Timmy O’Neill
Born in 1969 in the suburban shadow of Philadelphia, Tim
O’Neill’s adventurous spirit was fostered climbing the fences,
buildings and trees of his urban playground. Tim’s childhood
version of open space was neighbouring Fernwood Cemetery, and it
was on its monumental tombstones and mausoleums that he first felt
stone under his fingertips. At age 19, armed with a $69 one-way
ticket to Wyoming, he boarded a Greyhound bus bound for wilderness
and freedom. He landed in Yellowstone National Park, worked in a
gift shop, discovered rock climbing one weekend and never looked
back. He travelled extensively in the western U.S. for seven
years, living the iconoclastic "climbing bum" lifestyle. He’s
still a bum.
During the past several years, Tim has been exploring the
world’s great mountain ranges, climbing from Pakistan to
Patagonia. His recent trip to South America, from December 2001 to
April 2002, netted him a month of whitewater kayaking on the
rain-forested rivers of southern Chile, seven weeks of bagging
alpine first ascents in Argentine Patagonia, and finally a wild
climbing adventure in the heart of Venezuela’s Orinocan jungle.

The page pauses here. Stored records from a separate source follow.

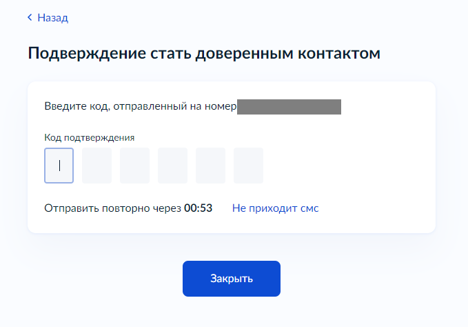 Подтвердить свое согласие также необходимо введением кода, который поступит в виде смс-оповещения на номер телефона, указанный в учетной записи на портале госуслуг доверенного контакта.
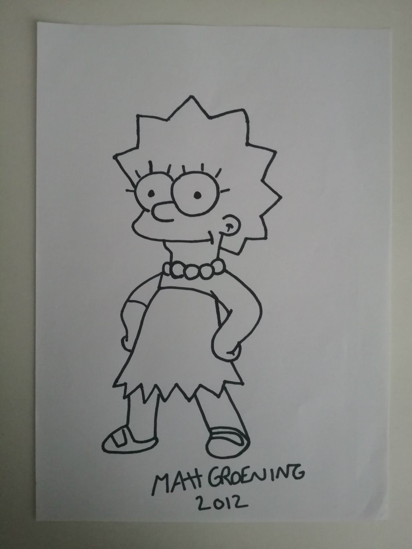 A drawing of Lisa Simpson by Matt Groening on A4 paper by Matt Groening. Supplied with coa. Minor creasing.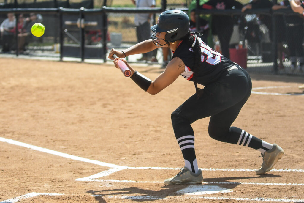 Makayla Frye squares up to bunt. (Photo by Action Captures Media)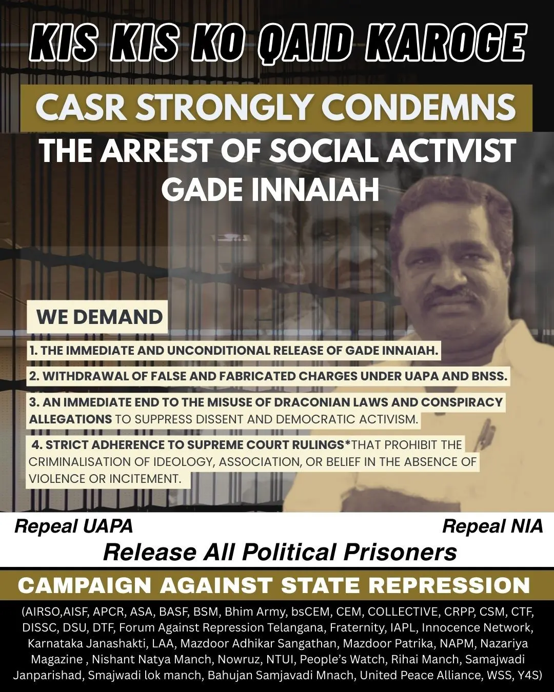 La Campaña contra la Represión Estatal (CASR) condena de manera inequívoca el arresto del conocido activista social Gade Innaiah, que representa un nuevo ejemplo del ataque sistemático del Estado contra los derechos democráticos, las libertades civiles y la disidencia política.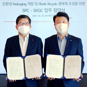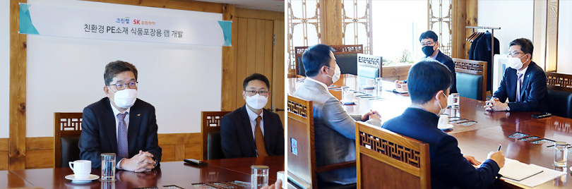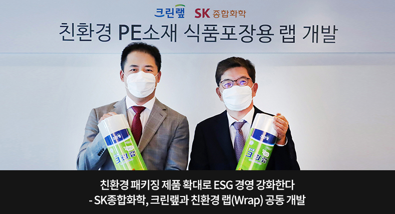 SK종합화학과 크린랲은 11월 26일, 서울 종로구 SK서린사옥에서 공동 개발한 ‘업소용 친환경 PE 랩’을 선보이며, 친환경 패키징 제품 공동 개발을 확대해 ESG(*) 경영을 강화하는데 협력하기로 했다. 이 자리에는 SK종합화학 나경수 사장과 크린랲 승문수 대표 등 관계자들이 참석했다.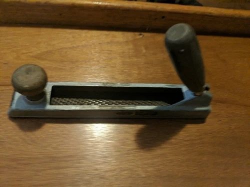 Vintage Stanley 285 rasp with adjustable wooden handles. It's a great vintage piece. The rasp blades show some wear at the front and back but still a lot of use left in this blade if you're going to use it.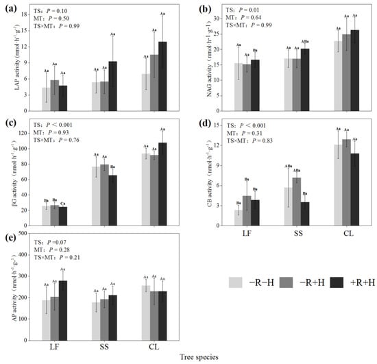 Soil hydrolase activity under different tree species and mycorrhizal restriction treatments (a–e). CL: Cunninghamia lanceolata; LF: Liquidambar formosana; SS: Schima superba; Different lowercase letters indicate that there were significant differences in different mycorrhizal restriction treatments of the same tree species (p < 0.05). Different capital letters indicate that there were significant indigenous differences among different tree species under the same mycorrhizal restriction treatment (p < 0.05).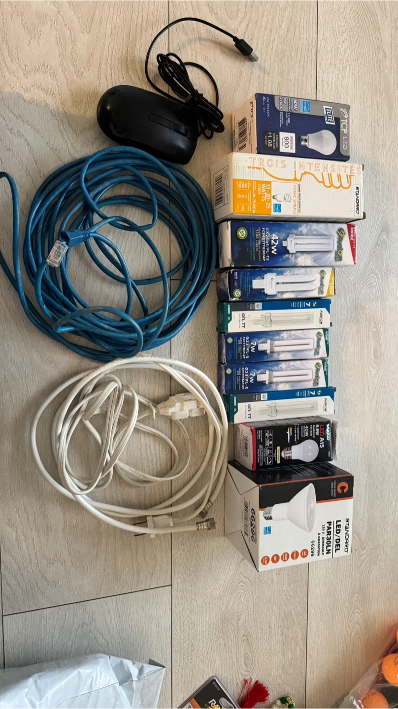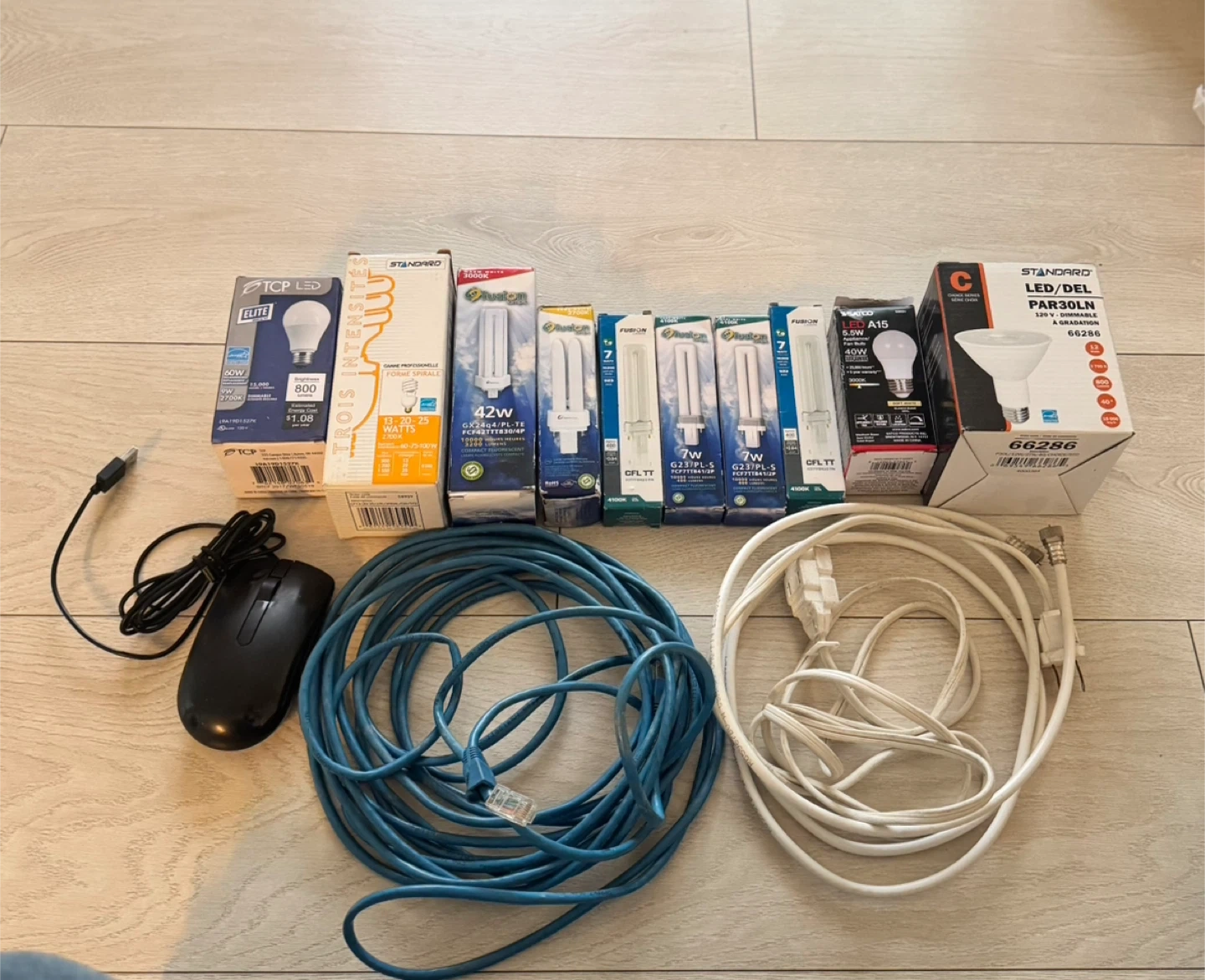 Moving Sell Selling a mixed lot of lightbulbs and various cables. Includes LED and fluorescent bulbs, as well as network and power cables. All new. Pickup Surrey Central Station.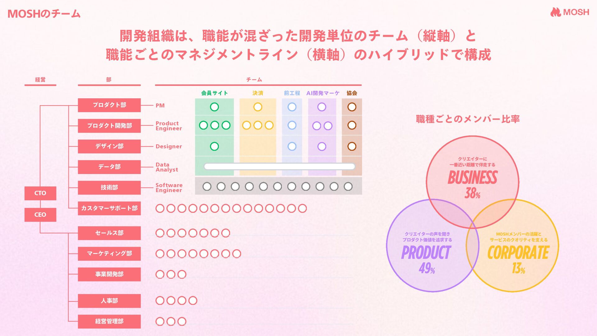 非連続な事業成長のためのあらゆる意思決定、経営シ ステムの導入、対外的なプレゼンス向上、クリティカ ルなリソースの調達などを実行し、企業価値の最大化 を牽引することができる 1200~ 1300~ ◦ 求心力をもって経営チームをリードすることができる ◦ 中長期で発展を遂げていくための経営システム及び経営体制に ついて思考・推進できる ◦ 様々な内部・外部環境を考慮しながら2-3 年単位での戦略策定及 び組織設計ができる ◦ 事業PL に責任を持ち、経営やステークホルダーを巻き込んだ精 度の高い意思決定及びその達成を牽引できる ◦ 管掌部門の半年〜年単位の戦略を策定できる ◦ 経営戦略に基づいた、チームの組成及びミッション設定を行う ことができる ◦ 課題を適切に捉えながらクォーター単位のチーム戦略を策定 し、KPI ・重要アクションを設定できる ◦ チームの目標達成に責任を持ち、達成に向けたさまざまなプロ セスを牽引できる 全社の事業成長のためのあらゆる意思決定、オペレー ションを遂行し、企業価値最大化に貢献できる 1000~1700 1000~2000 800~1100 800~1800 600~900 700~1300 全社視点を持ちながら自身の管掌領域全体の戦略を描 くとともに、その成果を自らが牽引することで全社に 大きな影響力を及ぼす課題解決を推進できる 所属チームの成果を牽引するとともに、所属Divsion 全体などチームを越境した課題解決に対しても影響力 を発揮することができる ・ ・ ・ 経営 部 (経営をフォロー) チーム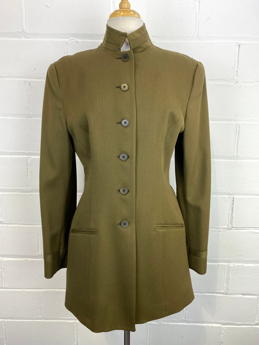 Vintage 1990s Norma Kamali Khaki Wool Jacket, Medium

O’Neill is one of the fastest climbers in the world. He has set
many on-sight speed records in Yosemite National Park, including
the world-record ascent of the famed 3,000-foot Nose on El
Capitan in three hours and 24 minutes in 2001. Last fall in
Yosemite Valley, he teamed up once again with Dean Potter, and the
two became the first ever to link up, in a continuous push, three
massive Grade VI walls, climbing over 80 pitches and 9,000
vertical feet in less that 24 hours.